I was a little sloppy when I created the sample output. Its missing a few pairs

 

Assume for a given row I have [a, b, c] I want to create something like the cartesian join

 

From: Andrew Davidson <An...@SantaCruzIntegration.com>
Date: Friday, March 30, 2018 at 5:54 PM
To: "user @spark" <us...@spark.apache.org>
Subject: how to create all possible combinations from an array? how to join and explode row array?

 

I have a dataframe and execute  df.groupBy(“xyzy”).agg( collect_list(“abc”)

 

This produces a column of type array. Now for each row I want to create a multiple pairs/tuples from the array so that I can create a contingency table.  Any idea how I can transform my data so that call crosstab() ? The join transformation operate on the entire dataframe. I need something at the row array level?





Bellow is some sample python and describes what I would like my results to be?



Kind regards



Andy

 

 

c1 = ["john", "bill", "sam"]

c2 = [['red', 'blue', 'red'], ['blue', 'red'], ['green']]

p = pd.DataFrame({"a":c1, "b":c2})

 

df = sqlContext.createDataFrame(p)

df.printSchema()

df.show()

 

root

 |-- a: string (nullable = true)

 |-- b: array (nullable = true)

 |    |-- element: string (containsNull = true)

 

+----+----------------+

|   a|               b|

+----+----------------+

|john|[red, blue, red]|

|bill   |     [blue, red]|

| sam|         [green]|

+----+----------------+

 

 

The output I am trying to create is. I could live with a crossJoin (cartesian join) and add my own filtering if it makes the problem easier?

 

 

+----+----------------+

|  x1|    x2|

+----+----------------+

red  | blue

red  | red

blue | red

+----+----------------+

 

 


Re: how to create all possible combinations from an array? how to join and explode row array?

Posted by Yong Zhang <ja...@hotmail.com>.
What's wrong just using a UDF doing for loop in scala? You can change the for loop logic for what combination you want.


scala> spark.version
res4: String = 2.2.1

scala> aggDS.printSchema
root
 |-- name: string (nullable = true)
 |-- colors: array (nullable = true)
 |    |-- element: string (containsNull = true)


scala> aggDS.show(false)
+----+----------------+
|name|colors          |
+----+----------------+
|john|[red, blue, red]|
|bill|[blue, red]     |
|sam |[gree]          |
+----+----------------+

scala> import org.apache.spark.sql.functions.udf
import org.apache.spark.sql.functions.udf

scala> val loopUDF = udf { x: Seq[String] => for (a <- x; b <-x) yield (a,b) }
loopUDF: org.apache.spark.sql.expressions.UserDefinedFunction = UserDefinedFunction(<function1>,ArrayType(StructType(StructField(_1,StringType,true), StructField(_2,StringType,true)),true),Some(List(ArrayType(StringType,true))))

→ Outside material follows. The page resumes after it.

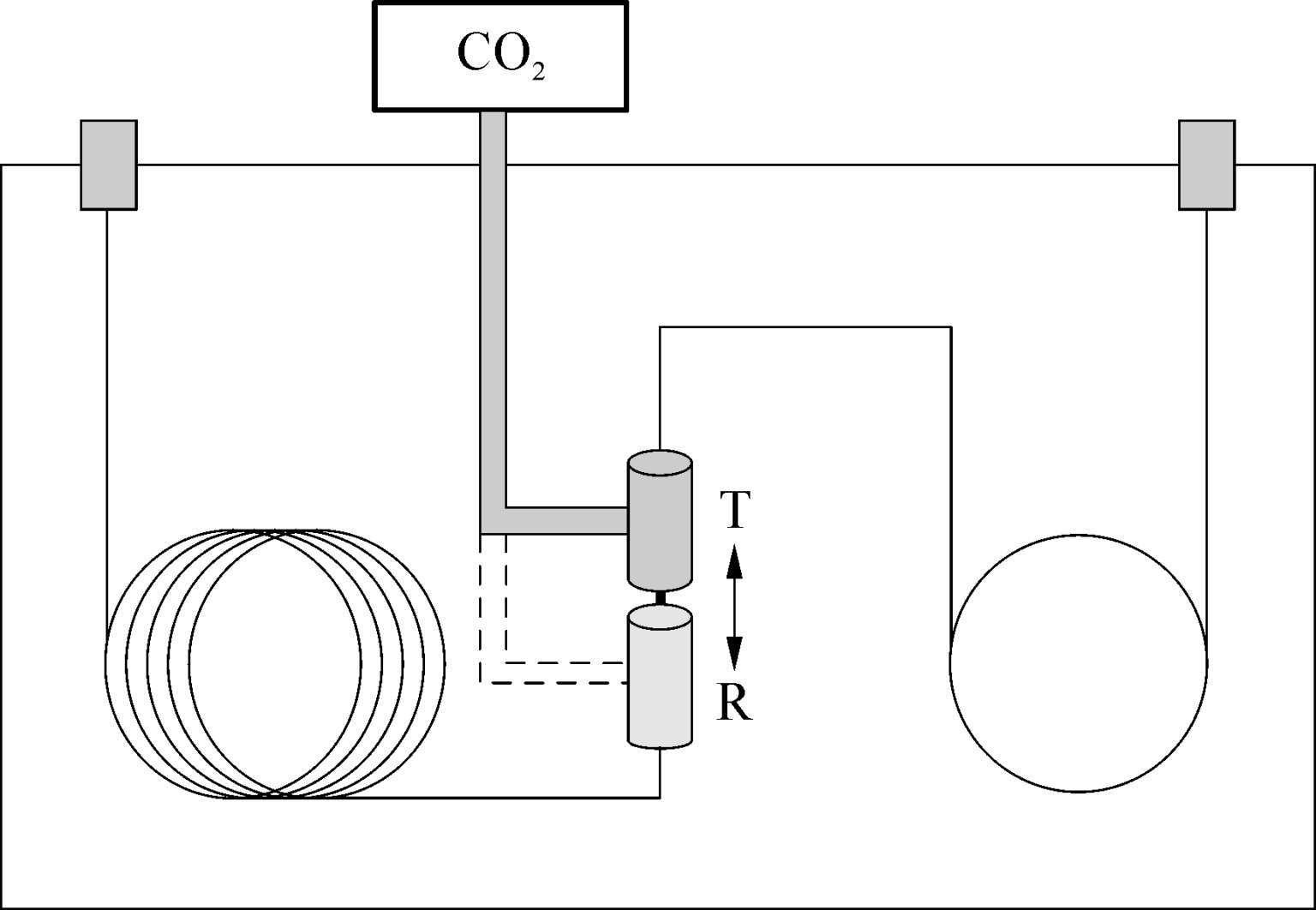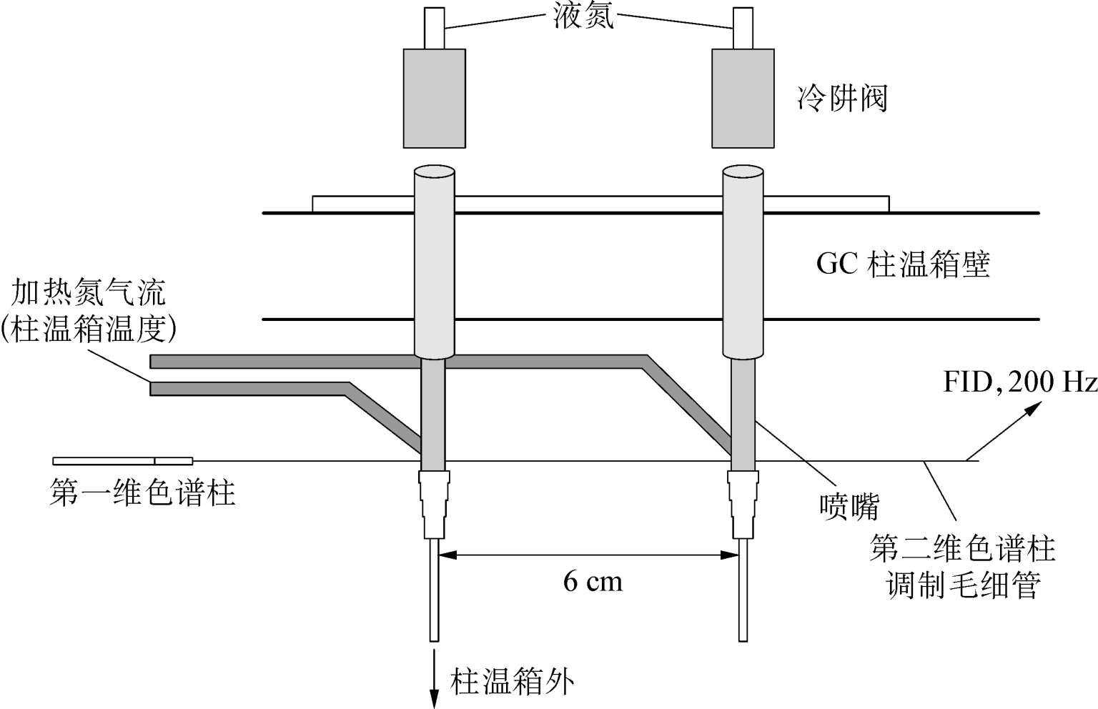 Beens等发明了另一种冷阱型调制器,同样使用液态二氧化碳聚焦分析物,但是并不需要使用机械移动的部件,这种调制器被称为双级液态二氧化碳冷阱型调制器。在实际使用中,为了捕集和聚焦每个连续的片段,对毛细管的两端直接进行交替降温,然后通过周围柱温箱的空气使其聚焦的片段再次移动。这一调制过程发生在 2 D最开始的几厘米处,通过将二氧化碳直接喷射到毛细管色谱上来降低温度。

scala> aggDS.withColumn("newCol", loopUDF($"colors")).show(false)
+----+----------------+---------------------------------------------------------------------------------------------------------+
|name|colors          |newCol                                                                                                   |
+----+----------------+---------------------------------------------------------------------------------------------------------+
|john|[red, blue, red]|[[red,red], [red,blue], [red,red], [blue,red], [blue,blue], [blue,red], [red,red], [red,blue], [red,red]]|
|bill|[blue, red]     |[[blue,blue], [blue,red], [red,blue], [red,red]]                                                         |
|sam |[gree]          |[[gree,gree]]                                                                                            |
+----+----------------+-----------------------------------------------------------------

Yong


________________________________
From: Andy Davidson <An...@SantaCruzIntegration.com>
Sent: Friday, March 30, 2018 8:58 PM
To: Andy Davidson; user
Subject: Re: how to create all possible combinations from an array? how to join and explode row array?

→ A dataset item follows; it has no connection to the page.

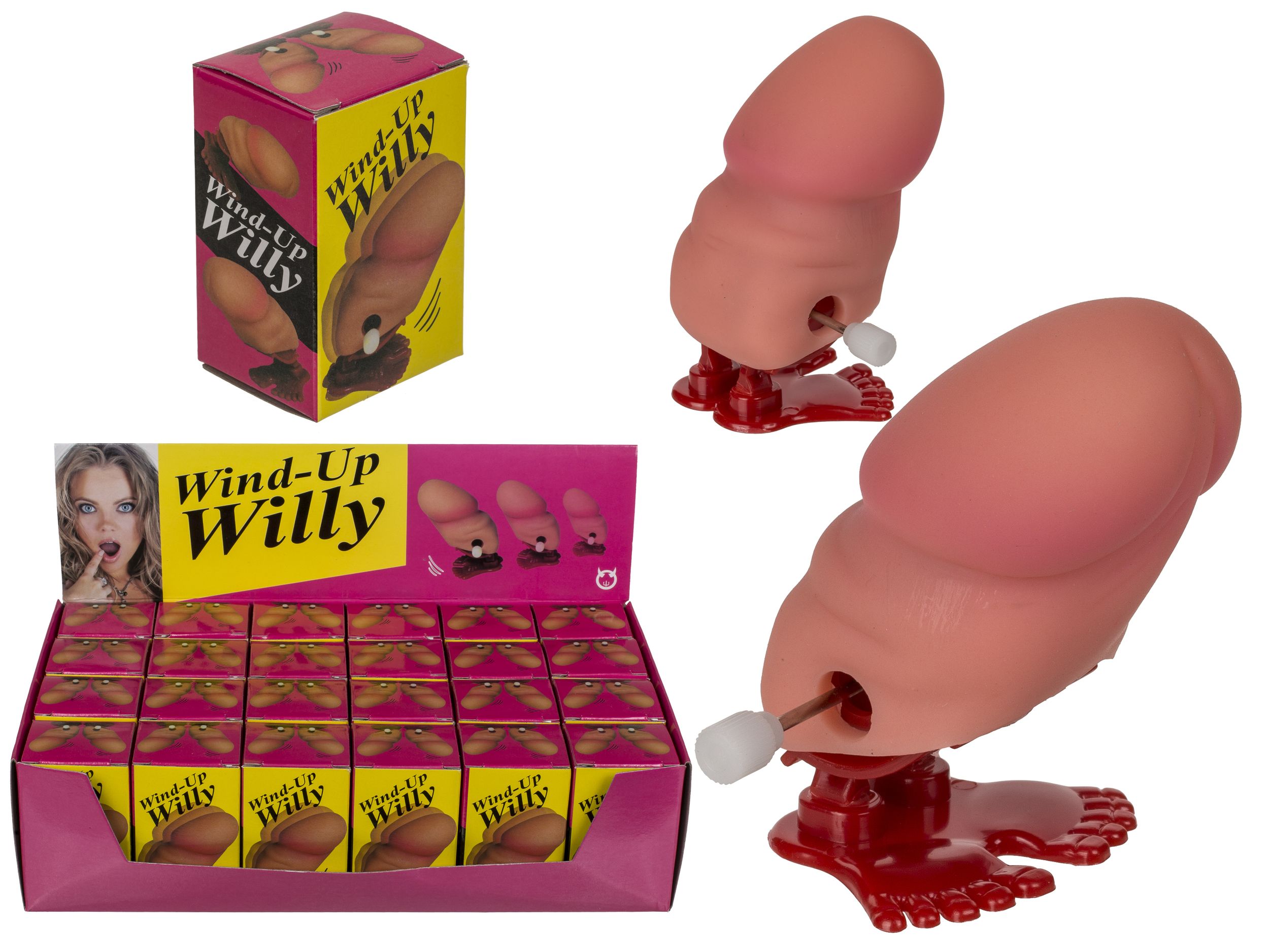 Този забавен пенис е с ръчен механизъм за навиване за вълнуваща изненада: просто навийте играчката и я пуснете, за да я видите как се повдига. Идеален за подарък или за партита.
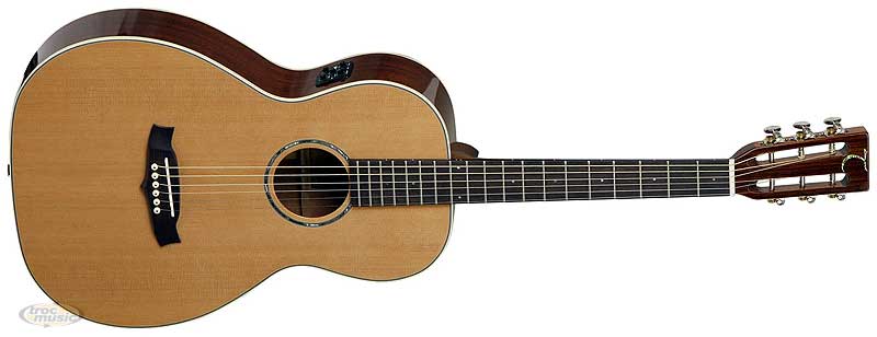 Table en cèdre Canadien massif. Dos et éclisses acajou. Manche et tête une pièce en acajou massif. Egaliseur B-Band A3TY (accordeur intégré).

I was a little sloppy when I created the sample output. Its missing a few pairs

Assume for a given row I have [a, b, c] I want to create something like the cartesian join

From: Andrew Davidson <An...@SantaCruzIntegration.com>>
Date: Friday, March 30, 2018 at 5:54 PM
To: "user @spark" <us...@spark.apache.org>>
Subject: how to create all possible combinations from an array? how to join and explode row array?

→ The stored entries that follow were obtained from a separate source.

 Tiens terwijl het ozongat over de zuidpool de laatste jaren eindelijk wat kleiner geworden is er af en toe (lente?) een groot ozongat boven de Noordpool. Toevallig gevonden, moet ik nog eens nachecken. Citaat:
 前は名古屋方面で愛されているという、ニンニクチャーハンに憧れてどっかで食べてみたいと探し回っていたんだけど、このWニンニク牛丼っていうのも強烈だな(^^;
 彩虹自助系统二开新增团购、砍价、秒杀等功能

I have a dataframe and execute  df.groupBy(“xyzy”).agg( collect_list(“abc”)

This produces a column of type array. Now for each row I want to create a multiple pairs/tuples from the array so that I can create a contingency table.  Any idea how I can transform my data so that call crosstab() ? The join transformation operate on the entire dataframe. I need something at the row array level?


Bellow is some sample python and describes what I would like my results to be?

Kind regards

Andy


c1 = ["john", "bill", "sam"]
c2 = [['red', 'blue', 'red'], ['blue', 'red'], ['green']]
p = pd.DataFrame({"a":c1, "b":c2})

df = sqlContext.createDataFrame(p)
df.printSchema()
df.show()

root
 |-- a: string (nullable = true)
 |-- b: array (nullable = true)
 |    |-- element: string (containsNull = true)

+----+----------------+
|   a|               b|
+----+----------------+
|john|[red, blue, red]|
|bill   |     [blue, red]|
| sam|         [green]|
+----+----------------+


The output I am trying to create is. I could live with a crossJoin (cartesian join) and add my own filtering if it makes the problem easier?


+----+----------------+
|  x1|    x2|
+----+----------------+
red  | blue
red  | red
blue | red
+----+----------------+



Re: how to create all possible combinations from an array? how to join and explode row array?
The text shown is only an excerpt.